Perhaps the most interesting, and surprising, article in the September issue is the Heavy Metal '1984 Music Video Awards'. After having spent the interval from 1981 - 1983 regarding music television with some degree of the dedicated hipster's disdain, the magazine's editorial staff now enthusiastically embrace music videos, and devote 8 pages to showcasing their faves for the year (loosely interpreted as 1983, and the first six months of 1984).

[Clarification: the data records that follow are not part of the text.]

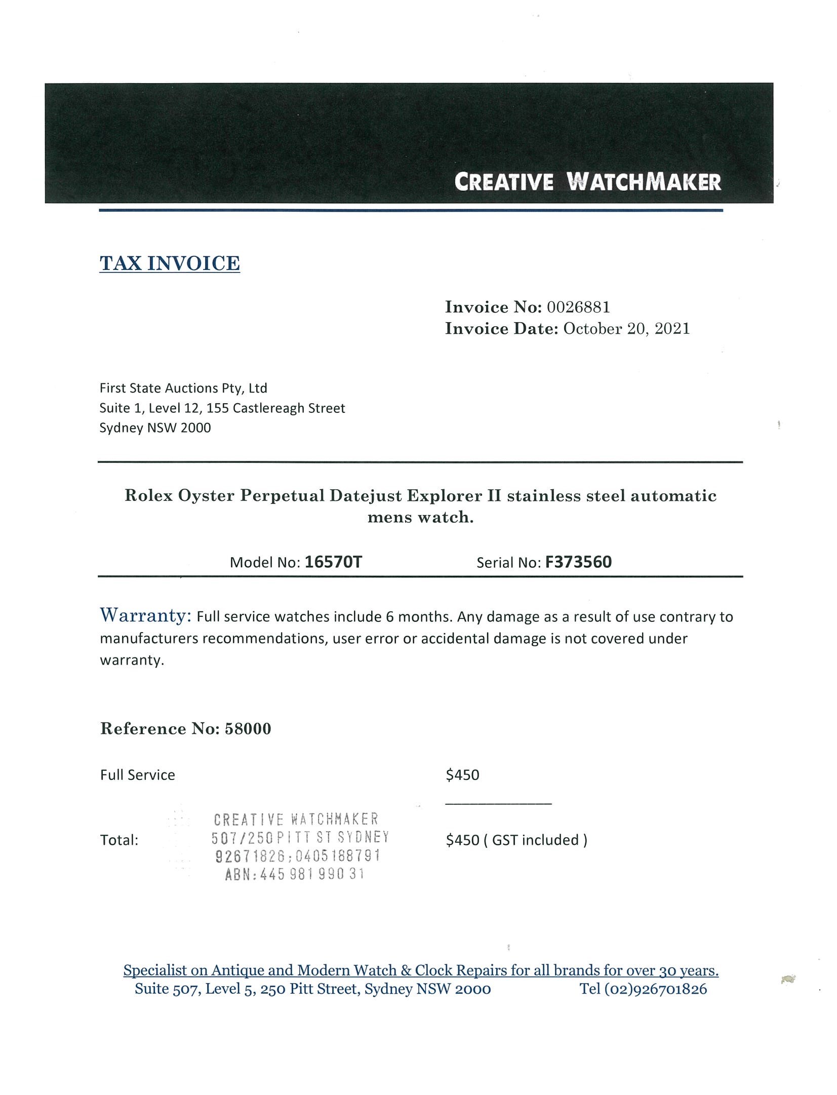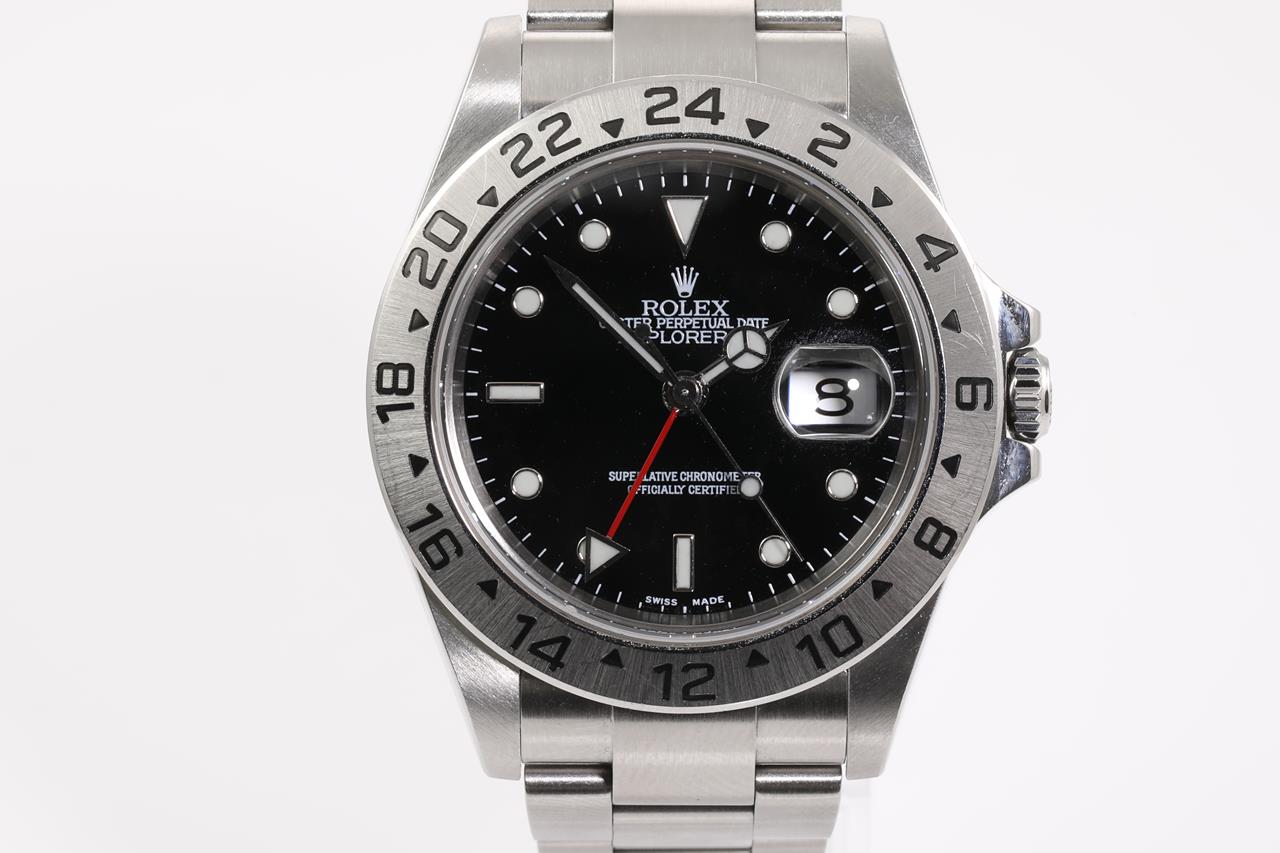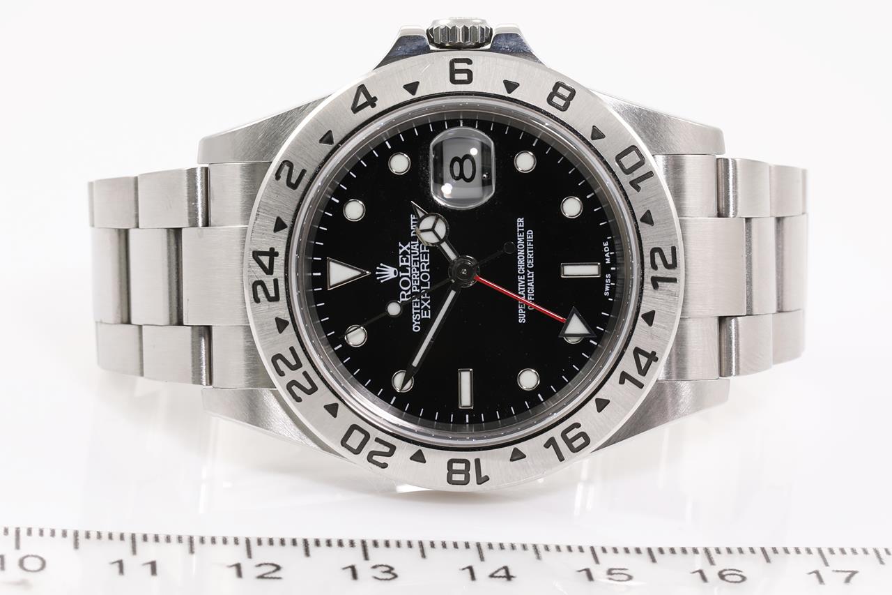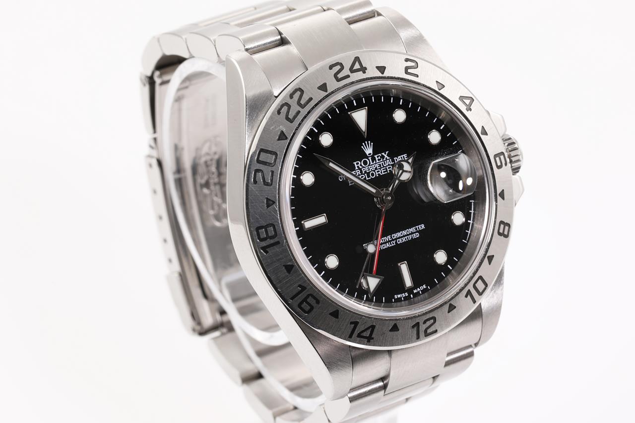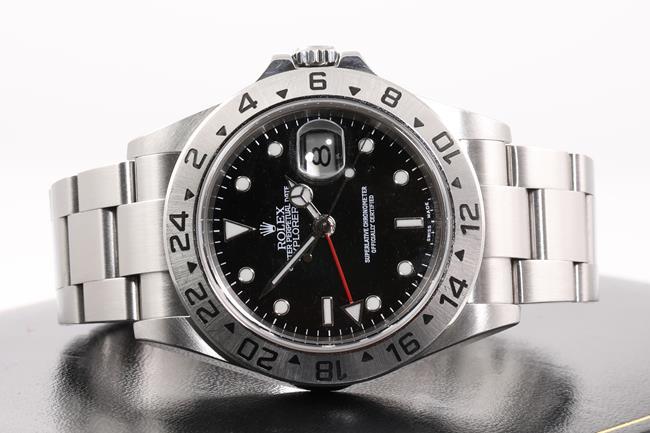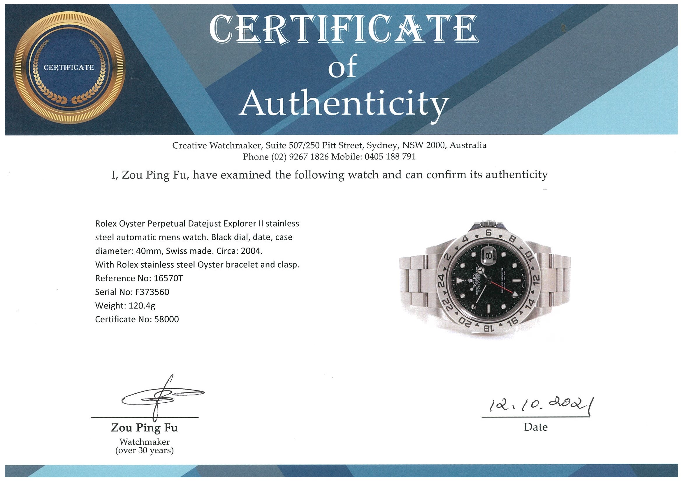 Rolex Oyster Perpetual Datejust Explorer II stainless steel automatic mens watch. Black dial, date, case diameter: 40mm, wrist size: 17cm, Swiss made. Ref# 16570T, Circa: 2004. With Rolex stainless steel Oyster bracelet and clasp. With certificate of authenticity and Rolex box. 6 month Creative watchmaker warranty from the date of full service. (Pre-owned)
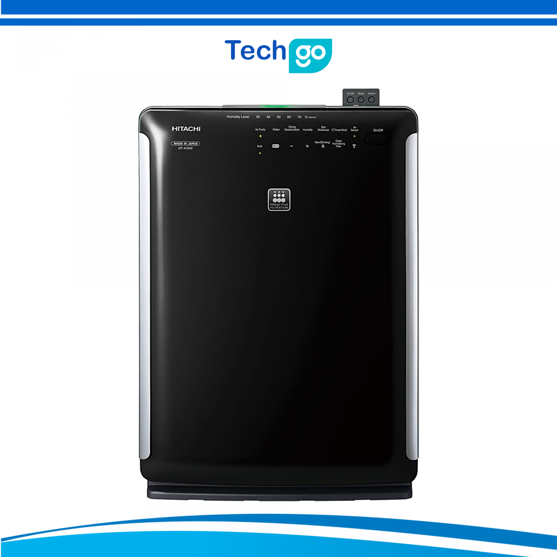 Máy lọc không khí tích hợp lọc bụi, khử mùi và tạo ẩm, sử dụng hệ thống lọc đa lớp (HEPA – khử mùi – tạo ẩm) kết hợp ion âm diệt khuẩn, phù hợp không gian khoảng 38 m², đồng thời hỗ trợ điều khiển qua ứng dụng và công nghệ Inverter tiết kiệm điện.
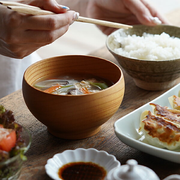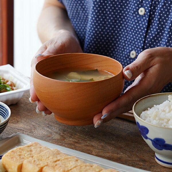 ◆製品仕様-Product Specifications- サイズ 約 Φ11.5×6.8(cm) 重量 約 155g 容量 約 230ml(8分目)/約 330ml(すりきり) 材質 けやき(天然木/国産) 仕上げ ウレタン仕上げ(日本) メーカー 薗部産業(神奈川県小田原市) 備考 電子レンジ・食器洗い機・乾燥機不可※寸法、容量、重量は個体差があります。 ◆お手入れ方法-How to take care- 初めてお使いの際に木素材や塗膜の匂いが気になる時は、80度位のお湯を縁まで注ぎ、4〜5分蒸らしてからこぼし柔らかい布でふきあげ、風通しの良い場所にしばらく置いて様子をみてください。 毎日のご使用時には湯汁、油分の多いもの、粘りのある粥などを、沸騰し煮立っている鍋等からすぐにそそがず火を止め、ひと呼吸おいてからうつわによそってください。 ご使用後は、熱湯につけたり、水などへの長時間の漬け置きはさけ、水かぬるま湯で、柔らかな布やスポンジを使い洗ってください。食器用洗剤もお使いいただけますが、固いたわし、研磨スポンジ、研磨クレンザーなどは使えません。その後は、自然によく乾かしたり、柔らかいふきんで拭いてからしまってください。 電子レンジ、食器洗い機、食器乾燥機は木の器にはお使いになれません。また、直射日光、直接空調のかかる所、熱いレンジの側などに置かないでください。繊維質の中の多数の極小さな空気粒が膨張縮小し、退色、歪み変形、ひびなどの原因になります。 ◆商品説明-Description of item- 国産の貴重な木材を使用した、丸みがあってころんと可愛い愛嬌たっぷりのお椀。 両手で包み込むと、天然木のあたたかみが伝わり、このお椀でお味噌汁を飲むと不思議と身も心もほっこり幸せで満たしてくれるのです。 普段のお味噌汁はもちろん、野菜が美味しい春には具だくさんのミネストローネ、暑い夏には冷製スープやキンキンに冷えためんつゆを入れて、食欲の秋にはお芋や根菜たっぷりのポトフや豚汁、凍えるような寒い冬には心温まるシチューやお汁粉でホッと一息。 四季を通して盛りつける料理を選ばず、北欧食器とも取り合わせがよいので、どんな好みの人でも気軽に使え、その優しい口当たりと使い心地のよさは、使うほど愛着が増していきます。 ひとつの器を作るのに数カ月という長い時間をかけて作られるめいぼく椀。 日本の豊富な水とたくましい大地で育った天然木を使用し、製材から乾燥、木地挽き、塗装仕上げまで、木と道具を熟知した薗部産業の職人の手により全て手作業で行われています。 美しく流れる木目に、すべすべと滑らかな木肌は、まるで無塗装の様に見えますが、実はウレタン仕上げで使い勝手も抜群。 使い手のことを考えた、日常使いにぴったりの嬉しい器。 次第に深い色味へと変わっていく姿が見れるのも木製品ならではの醍醐味です。 ※箱の形状、色などは変更となる場合があります。 ※画像の色はブラウザや設定により、実物とは異なる場合があります。予めご了承下さい。■ 追加オプションをご希望の方へ 名入れ・照明加工・紙袋・有料のラッピングなどの追加オプションは、商品とは別途料金がかかります。 ご希望の追加オプションをカートに入れ、商品と一緒にご注文ください。 カートに入れずにご注文いただいた場合はオプション料金を店舗側にて追加させていただきます。 お支払い方法に前払いをお選びの場合は、楽天市場からの追加変更の案内をお待ちいただき、変更後の金額でお支払い下さい。
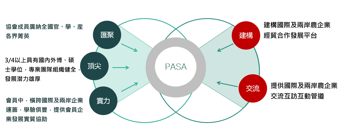 近年來,國際交流日益頻繁,農業開發合作經營亦漸趨熱絡;台灣農業技術及管理方面之優勢,在對中低度開發國家農業發展的進程中,仍有相當的施展空間。台灣農業技術及管理菁英,分在各階層為世界各地協助農民創利、農村繁榮自然生態保育及農業轉型戮力耕耘。惟急需團隊平台運作,方能‧‧‧
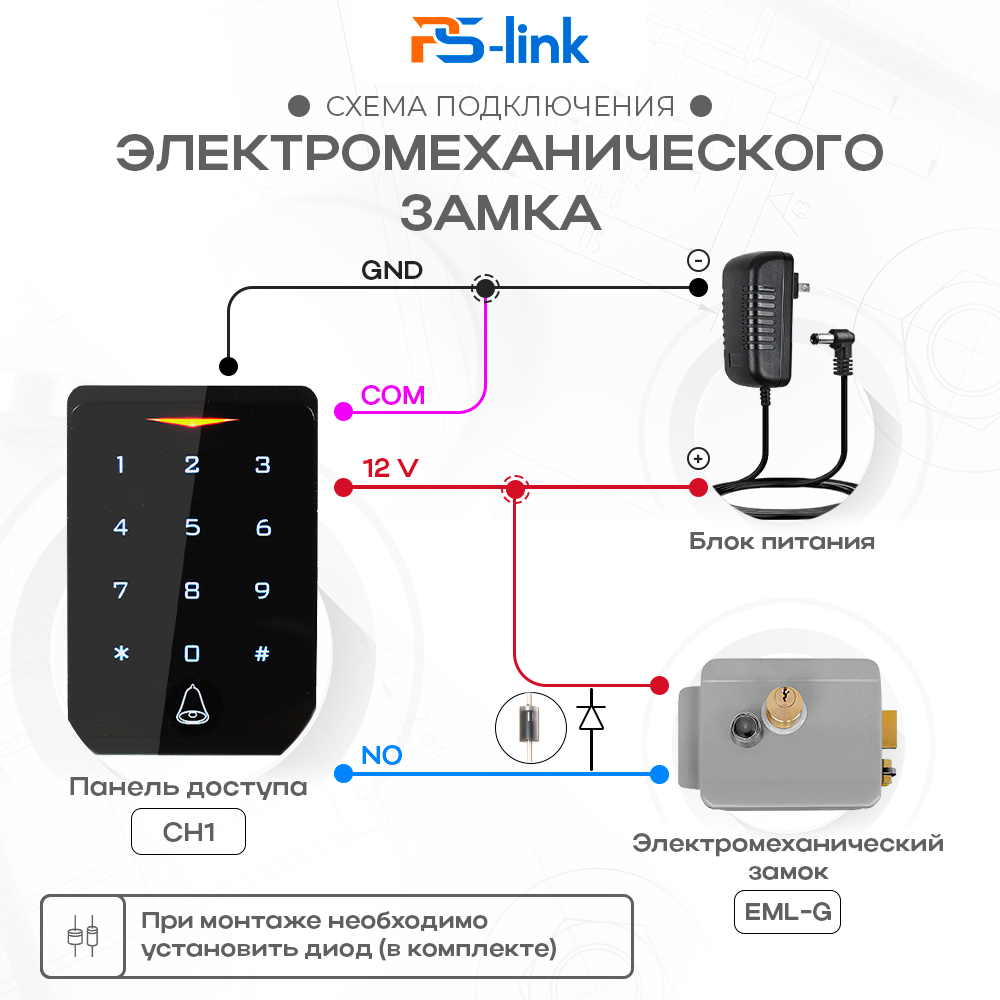 Комплект СКУД на одну дверь PS-link CH1-G WIFI с электрическим замком интересное:
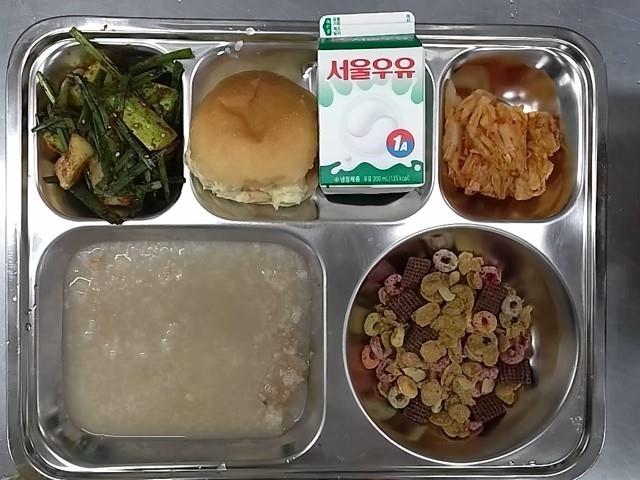 조식: 누룽지, 오이부추무침, 배추김치, 시리얼+우유, 모닝빵샌드위치
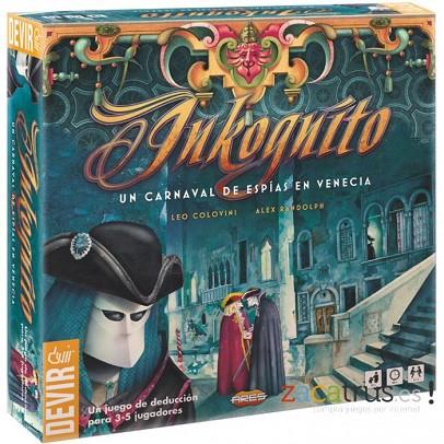 Inkógnito es un juego de deducción para 3-5 jugadores. Los jugadores adoptan el papel de agentes secretos en pleno carnaval de Venecia. Con una máscara ocultando su cara, se mueven discretamente a través de las calles y los canales de la ciudad, buscando una información secreta. Este juego único se juega por parejas, aunque los jugadores no saben quién es esta pareja secreta. Los jugadores deben descubrir, usando un sistema de deducción basado en cartas, cuál de los otros jugadores es su pareja, y una vez descubierto, trabajar juntos para cumplir su misión, o tratar de engañar a los otros jugadores para estropear sus planes... Creado por Alex Randolph y leo Colovini en 1988, y publicado originalmente por MB en 1988, Inkógnito ganó el premio Spiel of Jahres al juego más bonito del año, y desde entonces ha sido jugado por millones de jugadores de todo el mundo.
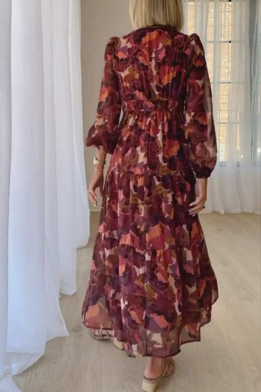 Langärmliges Kleid mit Blumenmuster und V-Ausschnitt für Damen
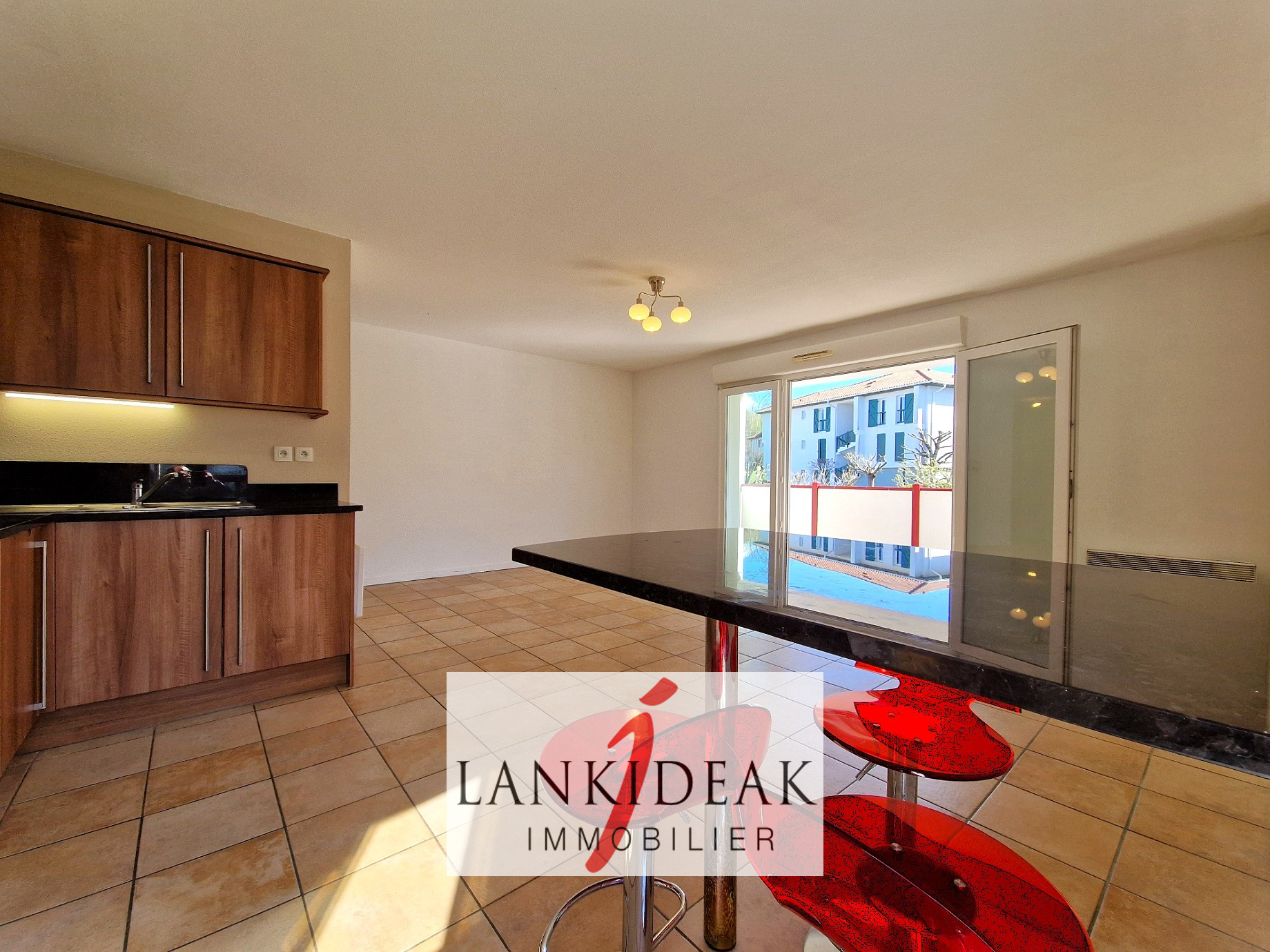 ...T2 au rez-de-chaussée , entrée, séjour avec sa cuisine américaine ouvrant sur terrasse, chambre...
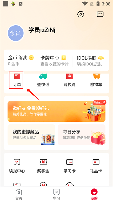 再进入您的个人信息页,从那里点击“订单”这一功能键。
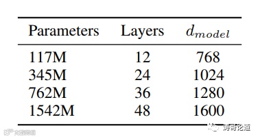 GPT-2训练了4个模型,最小的模型规模和GPT是一样的,第二小的和最大的BERT规模一样,最大的模型叫做GPT-2,其具有比GPT多一个数量级的参数。每个模型的学习率在5%的WebText保留样本上手工调整以获得最佳的值。所有的模型目前在WebText上都还存在欠拟合的情况,如果给更多的时间去训练的话效果还能进一步的提升。
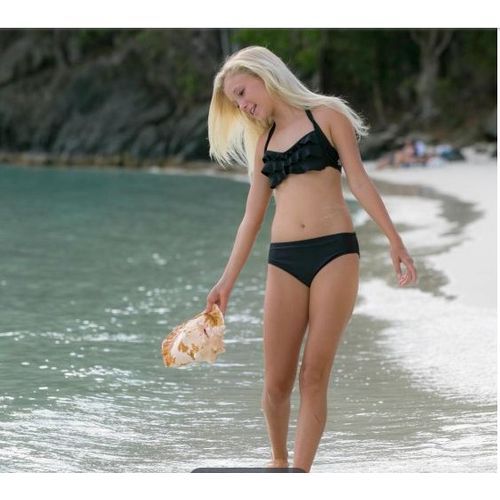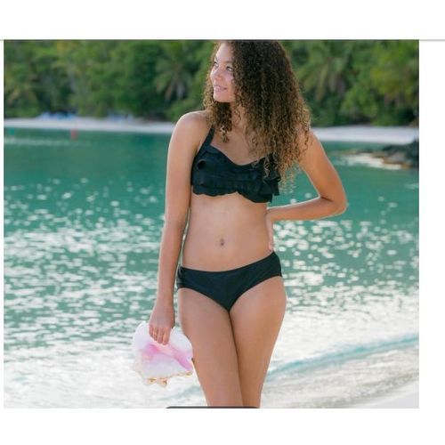 Our answer to the little black dress--a high-quality, flattering black bikini. Our Sea Wave style has three layers of ruffles across the bust, is fully lined and includes molded cup liners. With ties at the neck and back you're sure to get a great fit that will support you and provide modest coverage

Some of these videos ('Every Breath You Take' by The Police) will be quite familiar to anyone who watched MTV at that time; some are a bit more obscure - I'd completely forgotten those grainy, washed-out-palette, jerkily handheld camera - imitating Neil Young rockabilly videos like 'Wonderin'. 


Still other videos earning accolades from HM are utterly obscure - does anyone remember Jack the Ripper by The Raybeats ?! it's a retro surf-rock song with a spot-on video.....



In any event, below I've posted the text of Heavy Metal's 1984 Music Video Awards, so you can see for yourself what was hip and cutting-edge back in those long-ago days......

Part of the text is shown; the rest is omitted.